Ablation of the calpain-targeted site in cardiac myosin binding protein-C is cardioprotective during ischemia-reperfusion injury

David Y. Barefield; James W. McNamara; Thomas L. Lynch; Diederik W.D. Kuster; Suresh Govindan; Lauren Haar; Yang Wang; Erik N. Taylor; John N. Lorenz; Michelle L. Nieman; Guangshuo Zhu; Pradeep K. Luther; Andras Varró; Dobromir Dobrev; Xun Ai; Paul M.L. Janssen; David A. Kass; Walter Keith Jones; Richard J. Gilbert; Sakthivel Sadayappan

doi:10.1016/j.yjmcc.2019.03.006

Ablation of the calpain-targeted site in cardiac myosin binding protein-C is cardioprotective during ischemia-reperfusion injury

David Y. Barefield, James W. McNamara, Thomas L. Lynch, Diederik W.D. Kuster, Suresh Govindan, Lauren Haar, Yang Wang, Erik N. Taylor, John N. Lorenz, Michelle L. Nieman, Guangshuo Zhu, Pradeep K. Luther, Andras Varró, Dobromir Dobrev, Xun Ai, Paul M.L. Janssen, David A. Kass, Walter Keith Jones, Richard J. Gilbert, Sakthivel Sadayappan

School of Medicine

Research output: Contribution to journal › Article › peer-review

10 Scopus citations

Abstract

Cardiac myosin binding protein-C (cMyBP-C) phosphorylation is essential for normal heart function and protects the heart from ischemia-reperfusion (I/R) injury.
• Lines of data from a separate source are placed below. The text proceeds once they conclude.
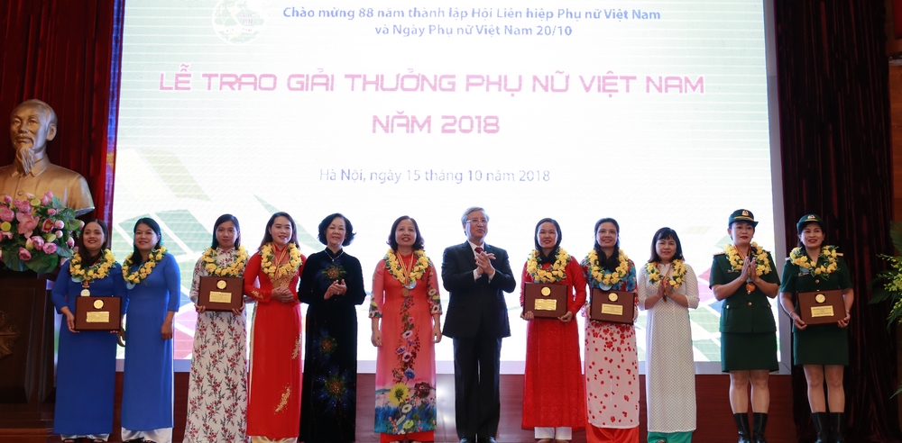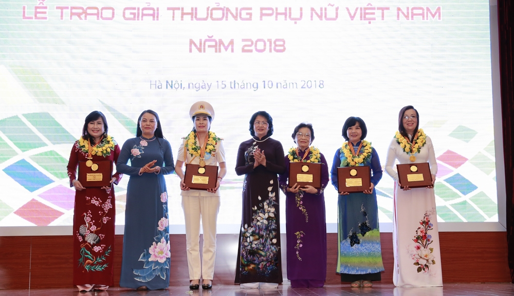 ในปี2018รางวัลสตรีเวียดนามได้มอบให้แก่5คณะและ10บุคคลที่มีผลงานยอดเยี่ยมในด้านต่างๆของชีวิตสังคมและมีส่วนร่วมต่อการพัฒนาของสังคม โดย5คณะที่ได้รับรางวัลในปี2018ได้แก่ คณะเจ้าหน้าที่และพนักงานสตรีของโรงพยาบาลแพทย์แผนโบราณจังหวัดกาวบั่ง เจ้าหน้าที่และพนักงานสตรีของสถาบันเซลล์ต้นกำเนิดสังกัดมหาวิทยาลัยวิทยาศาสตร์ธรรมชาติแห่งมหาวิทยาลัยแห่งชาตินครโฮจิมินห์ คณะเจ้าหน้าที่สตรีศูนย์ดูแลและรักษาทารกสังกัดโรงพยาบาลสูติ-นรีเวชส่วนกลาง แรงงานสตรีของเครือบริษัทตัดเย็บหมายเลข10สังกัดเครือบริษัทสิ่งทอและเสื้อผ้าสำเร็จรูปเวียดนาม และสมาชิกสมาคมสตรีกรมการต่างประเทศสังกัดกระทรวงกลาโหม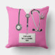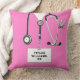 Kreative Krankenschwester Abschluss Kissen Geschenk mit rosa Krankenhaus-Skulpturen, ein Stethoskop und ein Schweizer Armeemesser. Bearbeiten Sie den Text, um Namen und berufliche Referenzen Ihrer Lieblingsschwester, Ihres Arztes oder Ihrer Ärztin hinzuzufügen.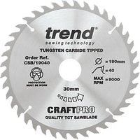 Microgranular TCT saw blade designed for a professional finish in softwood, hardwood, plasterboard, plywood, soft fibre board, particle board and MDF. High-grade alloy steel plate body precision-ground to maintain flatness. Reamed bore to ensure precise fit to spindle and silverbraze to ensure tip is bonded securely to body. Body hardened and tempered to maintain trueness. Laser-etched on reverse. Medium Cut Cutting Width (Kerf): 2.6mm Tungsten Carbide-Tipped Teeth Rake Angle: 15 Anti-Kickback Design No... - Manufacturers part number: CSB19040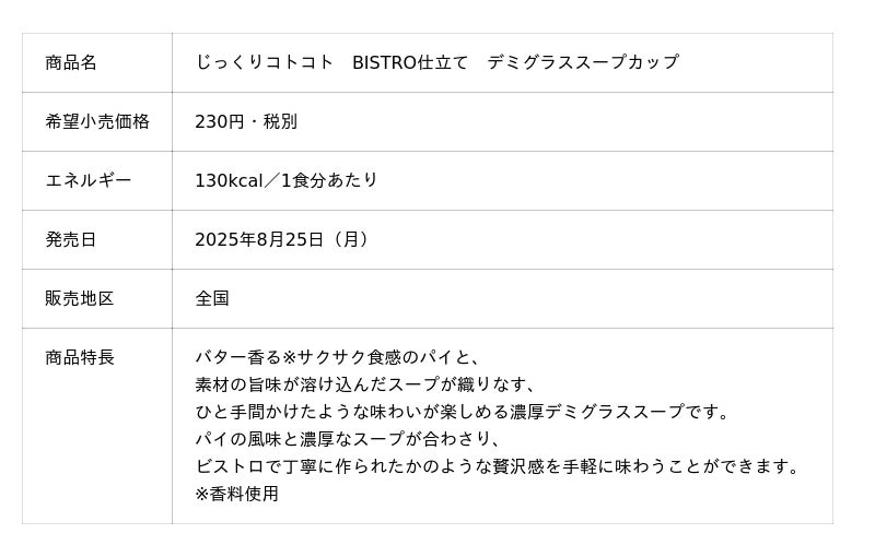 当社の調査によると、カップ入りスープに対して「食べごたえ」の他に「作るには手間のかかる本格料理を手軽に味わいたい」というニーズもあることが分かりました。その要望にお応えすべく、当社オリジナル具材のパイを使用した「じっくりコトコト BISTRO仕立て デミグラススープ」を新発売します。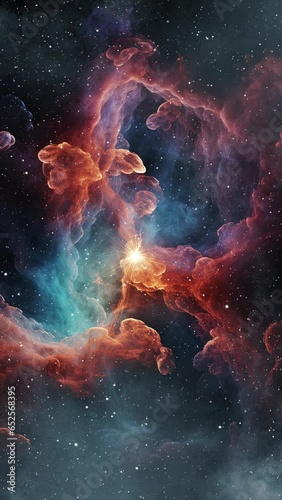 The watermark will not be included on Wall mural.: A colorful animation of a cosmic nebula rotating with stars in the distance -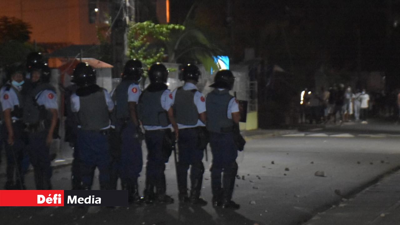 Les policiers ont fort à faire, ce mercredi soir 20 avril, face à une foule hostile rassemblée à Camp-Levieux. Des habitants protestent contre la hausse des prix des carburants.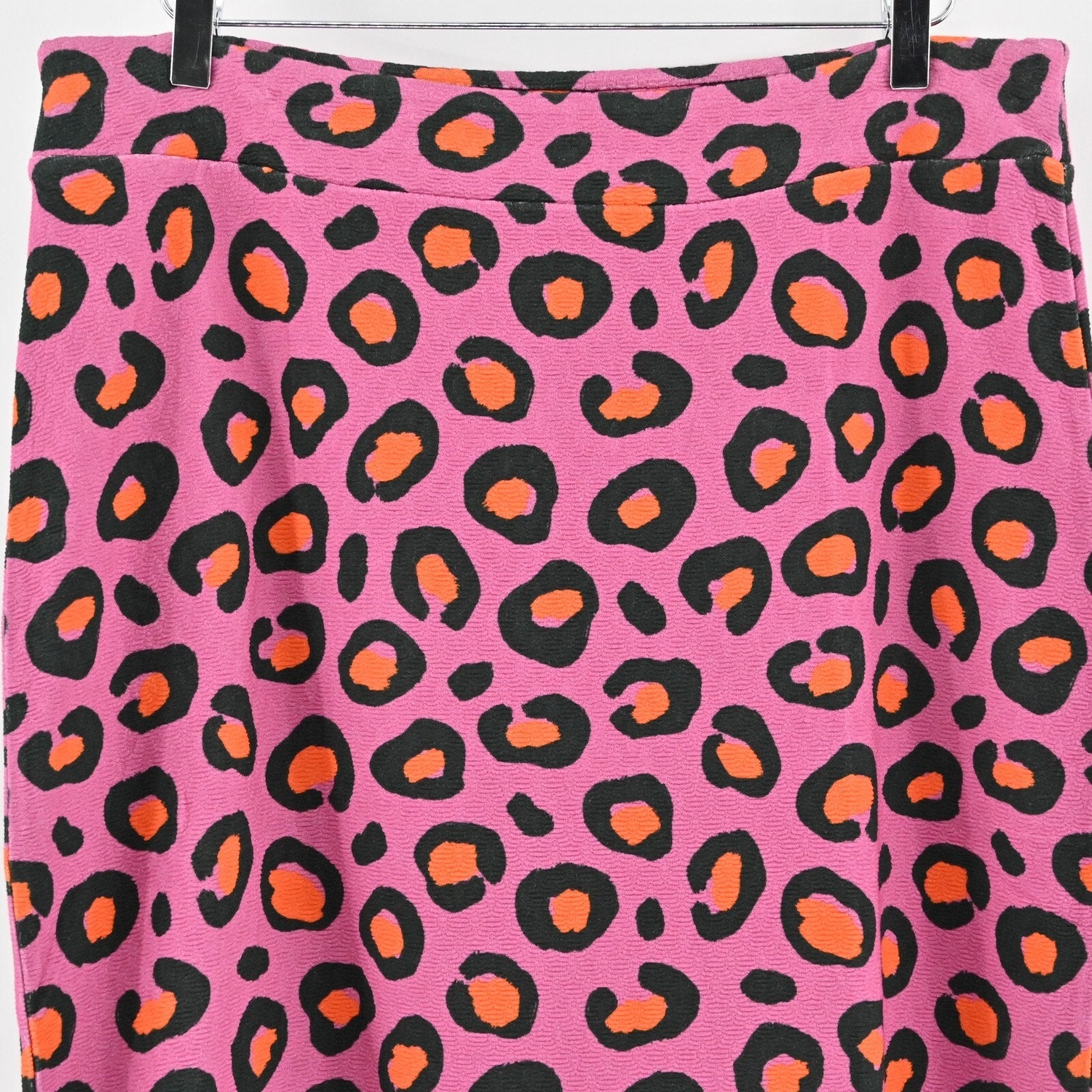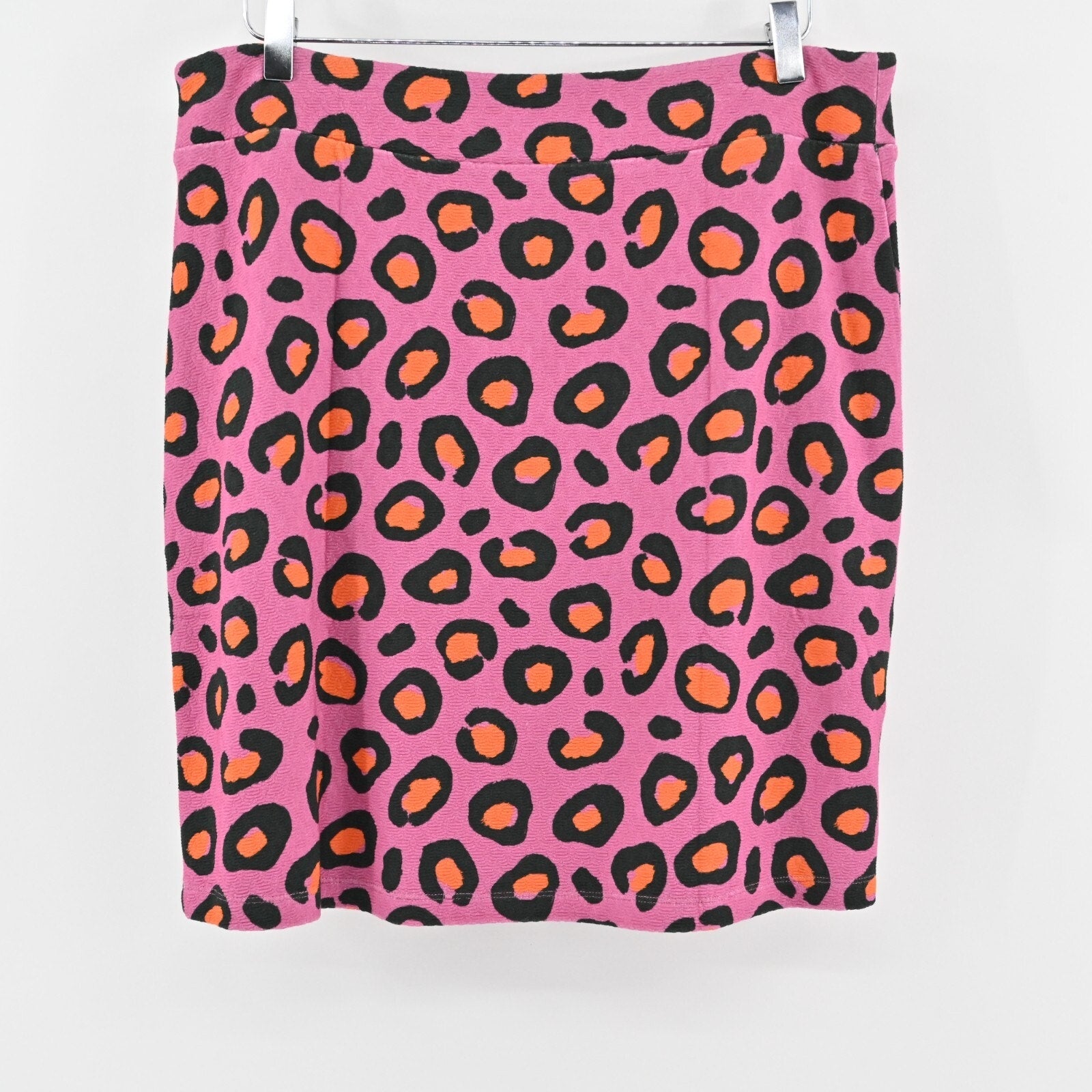 FARM RIO Animal Print Skirt Size L Anthropologie Halley Knit Mini Pink Stretch

It is known that protein kinase-A (PKA)-mediated phosphorylation of cMyBP-C prevents I/R-dependent proteolysis, whereas dephosphorylation of cMyBP-C at PKA sites correlates with its degradation. While sites on cMyBP-C associated with phosphorylation and proteolysis co-localize, the mechanisms that link cMyBP-C phosphorylation and proteolysis during cardioprotection are not well understood. Therefore, we aimed to determine if abrogation of cMyBP-C proteolysis in association with calpain, a calcium-activated protease, confers cardioprotection during I/R injury. Calpain is activated in both human ischemic heart samples and ischemic mouse myocardium where cMyBP-C is dephosphorylated and undergoes proteolysis. Moreover, cMyBP-C is a substrate for calpain proteolysis and cleaved by calpain at residues 272-TSLAGAGRR-280, a domain termed as the calpain-target site (CTS). Cardiac-specific transgenic (Tg) mice in which the CTS motif was ablated were bred into a cMyBP-C null background. These Tg mice were conclusively shown to possess a normal basal structure and function by analysis of histology, electron microscopy, immunofluorescence microscopy, Q-space MRI of tissue architecture, echocardiography, and hemodynamics. However, the genetic ablation of the CTS motif conferred resistance to calpain-mediated proteolysis of cMyBP-C. Following I/R injury, the loss of the CTS reduced infarct size compared to non-transgenic controls. Collectively, these findings demonstrate the physiological significance of calpain-targeted cMyBP-C proteolysis and provide a rationale for studying inhibition of calpain-mediated proteolysis of cMyBP-C as a therapeutic target for cardioprotection.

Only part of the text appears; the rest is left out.